Labor holds strong, but color is missing

Arise member Ruben Santiago
When I was a kid, I happened across a copy of Irving Stone's Clarence Darrow for the Defense, and I was fascinated and inspired.  I learned about the Pullman strikes, Pinkerton thugs, Big Bill Haywood, the Haymarket Square bombing and Eugene V. Debs.  It was not hard for me, given my family's history, to identify as working class and to become a supporter of organized labor.  I know I idealized unions, much as I did other fighters and movements for freedom and justice, and had to temper that idealism later with the more complex realities of building a movement out of flesh and blood people struggling within large political and economic structures.  But still-- I have a lot of heroes, and I'm saddened by knowing that most people under 40 don't know their names and their stories.

Central Labor Council President Rick Brown
Myself, I've never been in a union.  The factory, clerical and agricultural jobs I've held were unorganized by labor.  But I remain a union supporter.  I understand that the line unions draw in the sand protects the wages even of the non-unionized.

Yesterday's Springfield rally in solidarity with the Wisconsin workers was big by our city's standards-- I'd estimate more than 400 people.  I stood at the steps of City Hall with other Arise members as speaker after speaker explained why the Wisconsin fight was also our fight.

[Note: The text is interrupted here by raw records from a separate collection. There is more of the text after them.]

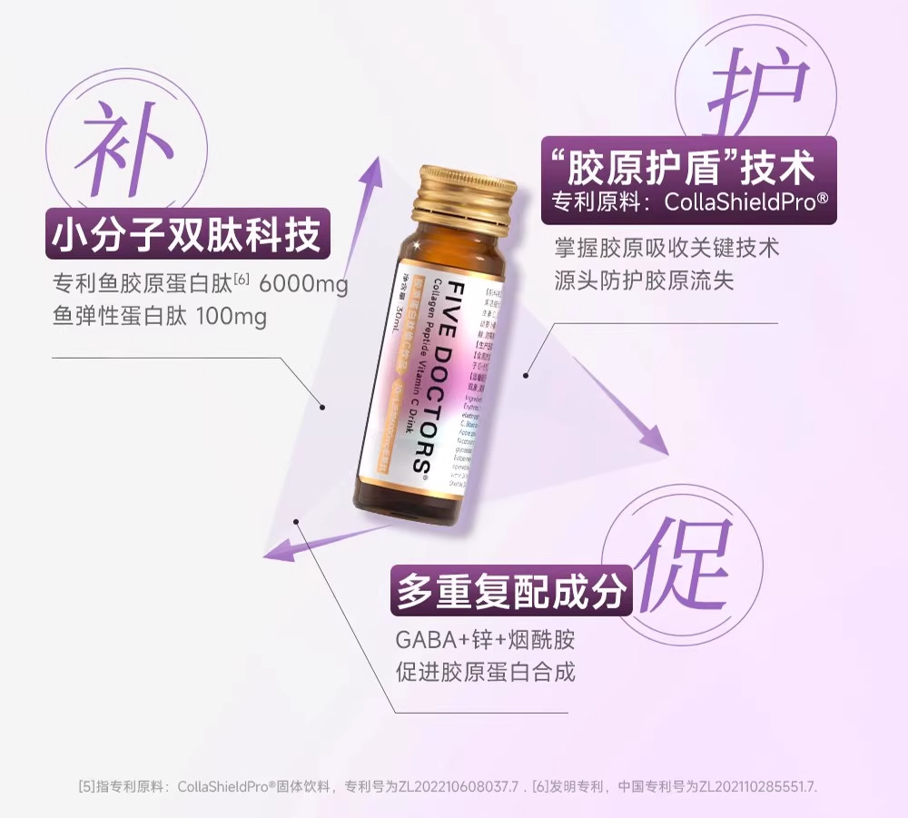 Five Female Doctors' Fish Collagen Peptide Vitamin C 2.0 Oral Liquid Drink with Niacinamide and Vitamin C, Official Genuine Product
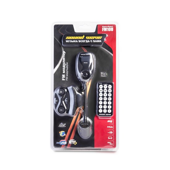 Модулятор Sound Wave FM10U поставляется вместе с пультом управления и опцией "мультируль", которые позволят вам, управлять прослушиванием вашей любимой музыки не отвлекаясь от процесса вождения. Также добавлен USB порт для зарядки цифровых устройств.
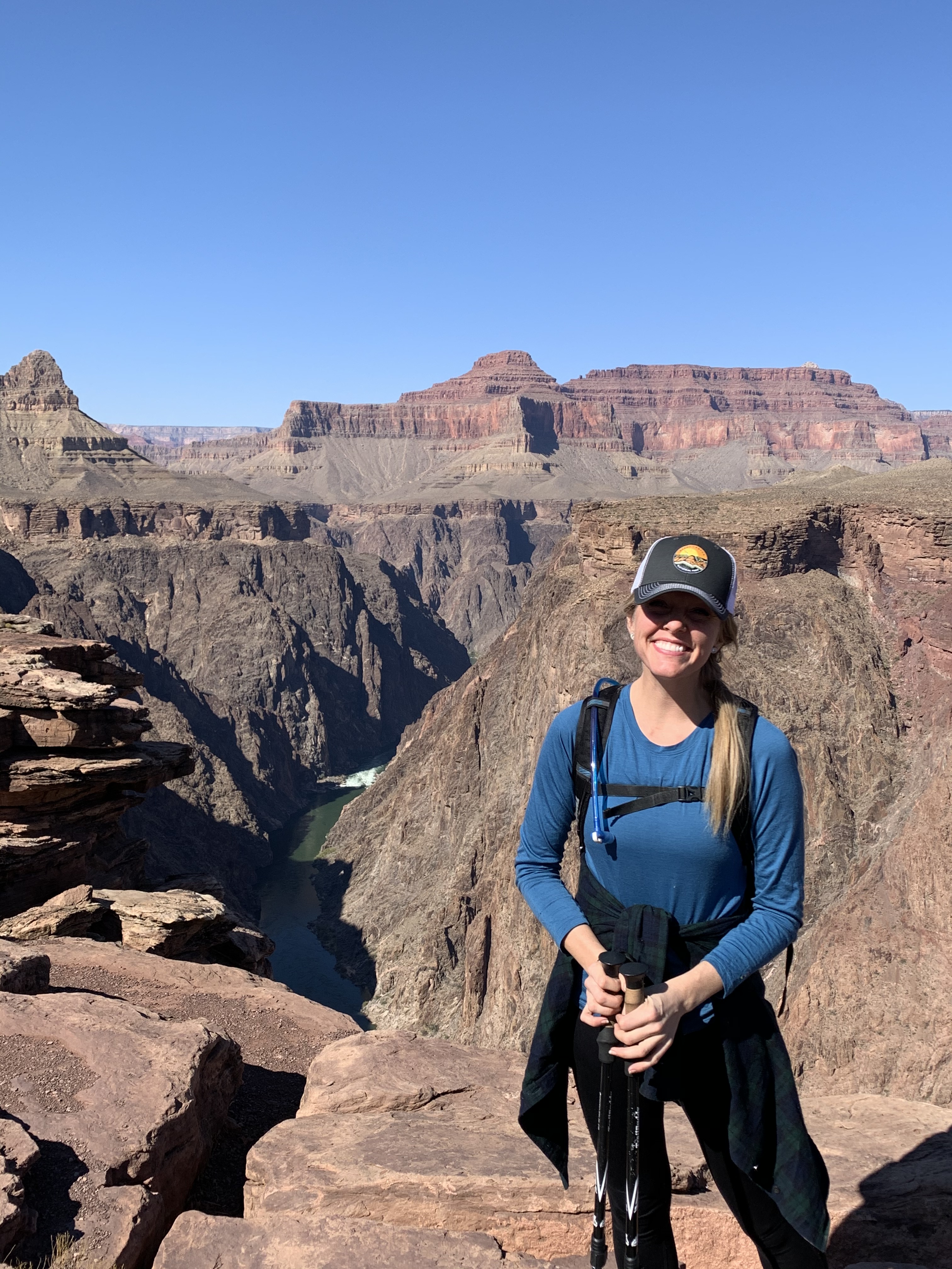 After another 1.5 mile hike, I see a short descent to an overlook. I inch carefully forward along an edge and am taken aback by what I see. Layered rocks give way to a drop-off, the base of which contains the coursing, surging, strikingly teal Colorado River. I can hear the rapids from where I stand, just under 1500 feet above the river surface. I am one of two travelers here at this moment in time. A man stands on the overlook, photographing the incredible scene. We exchange pleasantries, introduce ourselves, and I learn that Luke from Hawaii used to work in this very park. He shares about his travels this year, his time working in the Grand Canyon as a younger man, and his favorite trails and memories from the park. Soon after, the friendly foursome I had encountered earlier in the morning (who also had encountered Luke along the way) arrive. They are from Tennessee and have been road-tripping from Denver through multiple National Parks in Utah and now the Grand Canyon before returning back to Denver for their ride home. We space out on the giant boulders overlooking the river and share a meal, excited and delighted to have reached the day’s destination. Refueling will be important for the return journey – We’ve got what feel like mountains to climb. Emboldened squirrels inch toward us in attempts to sneak our food, and I learn that squirrel bites are among the most commonly reported injuries in the park. I close and stow my trail mix, giggling as I watch the squirrels jump to and fro between us. I am grateful to share these moments, even with strangers, who quickly feel like friends.
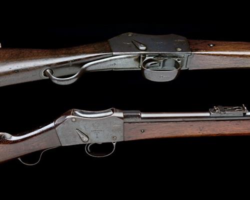 dated for 1878, with 33in. blued barrel, block and blade fore-sight, elevating ladder rear-sight, plain receiver with maker and model details, walnut butt-stock, short under-lever, walnut three-quarter length fore-end, iron furniture and provision for clearing-rod, (missing), the whole retaining much blued finish

Friend and Arise member Holly Patterson couldn't get to the rally until about quarter after four.  She stood behind me for a while, and then asked me a question.

Bank Tenant Association member Candia Pink
"Have all the speakers so far been white men?"
"No, there's been a woman."
"A white woman?"

And sure enough, as the rally progressed, every single speaker was white, and only two women among more than a dozen men.  The only speaker of color was City Council President Jose Tosado, who is running for mayor this year.  (Mayor Sarno spoke later in the rally.) I left a little after 5 pm., when the speakers got repetitive and I felt the rally was close to winding down, so I can't tell you for sure that no people of color spoke after that-- but if they did, they were certainly not given top billing.

 Council President Jose Tosado, JwJ Coordinator Jon Weissman, SEA President Tim Collins
So: if I were to inquire (which I will) as to why color was so lacking among the rally's speakers, I imagine it would go pretty much like the discussion about why there are no actors, directors or screenplay writers of color among any of the Academy Award nominations this year.  You can't draw speakers of color from the union leadership if they're not in leadership positions in the first place. Keep asking "Why?" to that answer, and the next series of answers, and you get to the unpleasant current situation.   Still, one would think that the organizers might have been aware of the lack of representation of people of color among leadership, and would have made some effort to compensate.  But you have to be aware of the lack to compensate for it, and if the organizers are entirely white (my assumption), it's easier not to even notice. 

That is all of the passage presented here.